▶ **WHAT THE EXERCISE ASKS**:
Without the pictures, restate all of the data below word for word.

▶ **GIVEN INFORMATION**:
-- Opening Marker --

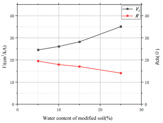 As can be seen from Figure 23, with the change of water content in the modified soil, the value of VI in the spark discharge area in the modified soil increases, and the value of impulse grounding resistance of the grounding electrode gradually decreases, indicating that the dispersion performance of the modified soil is also continuously enhanced. In addition, when the moisture content of the modified soil was 25%, VI was 20.10 A/cm3, which decreased by about 55.47% compared with that of 5%. This indicates that modified soil with higher moisture brings a discharge process with greater intensity and a better dispersion capacity of the impulse current. This is because SAP absorbs sufficient water in the modified soil, and a large number of water molecules fill the air gap between the soil particles, which reduces the resistivity of the modified soil near the grounding electrode. At the same time, with the increase in moisture in the soil, water film appears on the contact surface between the grounding conductor and the soil, which reduces the contact resistance, and the soil discharge process becomes more intense, which is macroscopically represented by the increase in the volume of the soil discharge area.
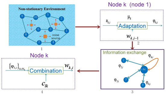 The optimization problem in Equation (3) can be solved by the diffusion strategies proposed in [30,31]. In these strategies, the estimate for each node is generated through a fixed combination strategy, which refers to giving different weights to the estimation of k’s neighbors to minimize the local function as follows:
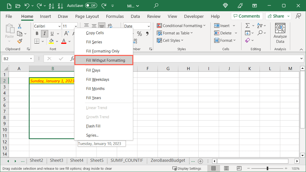 Maybe you want to do the opposite of the above. You can fill the data but remove the formatting. Here, we’ll use a cell with the same formatting as above; however, we only want to fill the dates.

-- Closing Marker --

▶ **OUTPUT OF THE TASK**:
 As can be seen from Figure 23, with the change of water content in the modified soil, the value of VI in the spark discharge area in the modified soil increases, and the value of impulse grounding resistance of the grounding electrode gradually decreases, indicating that the dispersion performance of the modified soil is also continuously enhanced. In addition, when the moisture content of the modified soil was 25%, VI was 20.10 A/cm3, which decreased by about 55.47% compared with that of 5%. This indicates that modified soil with higher moisture brings a discharge process with greater intensity and a better dispersion capacity of the impulse current. This is because SAP absorbs sufficient water in the modified soil, and a large number of water molecules fill the air gap between the soil particles, which reduces the resistivity of the modified soil near the grounding electrode. At the same time, with the increase in moisture in the soil, water film appears on the contact surface between the grounding conductor and the soil, which reduces the contact resistance, and the soil discharge process becomes more intense, which is macroscopically represented by the increase in the volume of the soil discharge area.
 The optimization problem in Equation (3) can be solved by the diffusion strategies proposed in [30,31]. In these strategies, the estimate for each node is generated through a fixed combination strategy, which refers to giving different weights to the estimation of k’s neighbors to minimize the local function as follows:
 Maybe you want to do the opposite of the above. You can fill the data but remove the formatting. Here, we’ll use a cell with the same formatting as above; however, we only want to fill the dates.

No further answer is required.